### WORK TASK
Pictures aside, the data must be reproduced exactly.

### RECORDED DATA
- - - - -

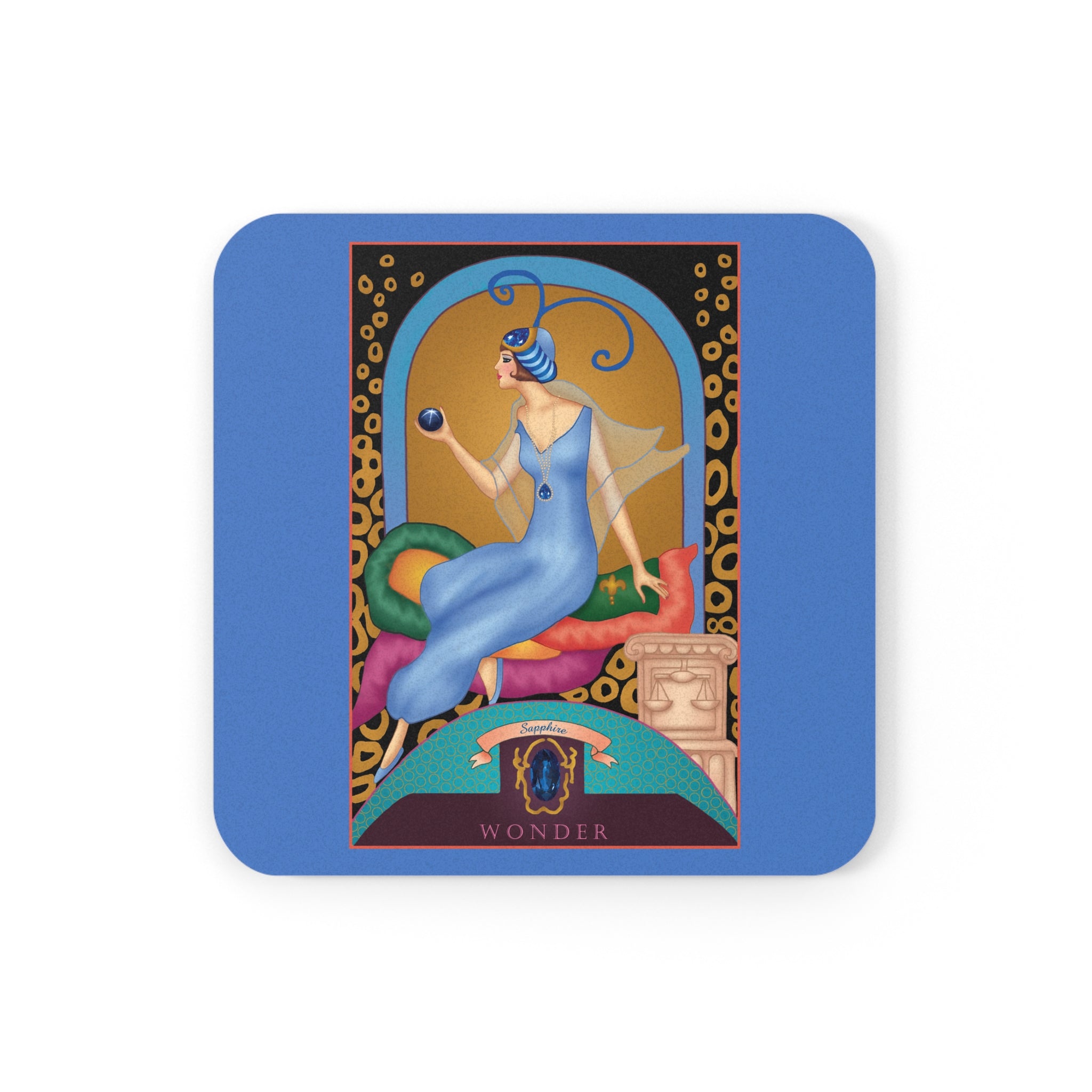 Virgo Zodiac Design – September & Sapphire | Cork Back Coaster embodies grace, serenity, and timeless Art Deco sophistication. Designed to elevate your table décor, this piece celebrates both vintage artistry and celestial symbolism in exquisite harmony.
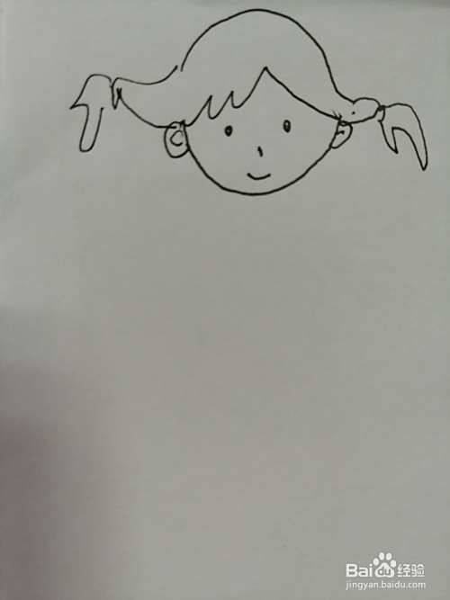 第二步,接着继续画出漂亮的小女孩的两个可爱的长辫子,注意辫子细节的画法。
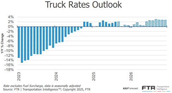 FTR Intelligence continues to forecast a stable market environment through the remainder of 2025 and into 2026. Linehaul rate growth remains projected at a modest pace, with fuel surcharge trends gradually reversing earlier declines. The combination of these factors suggests all-in RPM levels may continue to show slight year-overyear gains in the near term; however, broader market conditions remain shipper friendly. Fatal accidents involving non-English proficient drivers have intensified regulatory enforcement of language requirements, but measurable effects on capacity or pricing have not yet materialized a significant impact on overall capacity to drive a large rate shift.

- - - - -

### RESULT FOR THIS EXERCISE
 Virgo Zodiac Design – September & Sapphire | Cork Back Coaster embodies grace, serenity, and timeless Art Deco sophistication. Designed to elevate your table décor, this piece celebrates both vintage artistry and celestial symbolism in exquisite harmony.
 第二步,接着继续画出漂亮的小女孩的两个可爱的长辫子,注意辫子细节的画法。
 FTR Intelligence continues to forecast a stable market environment through the remainder of 2025 and into 2026. Linehaul rate growth remains projected at a modest pace, with fuel surcharge trends gradually reversing earlier declines. The combination of these factors suggests all-in RPM levels may continue to show slight year-overyear gains in the near term; however, broader market conditions remain shipper friendly. Fatal accidents involving non-English proficient drivers have intensified regulatory enforcement of language requirements, but measurable effects on capacity or pricing have not yet materialized a significant impact on overall capacity to drive a large rate shift.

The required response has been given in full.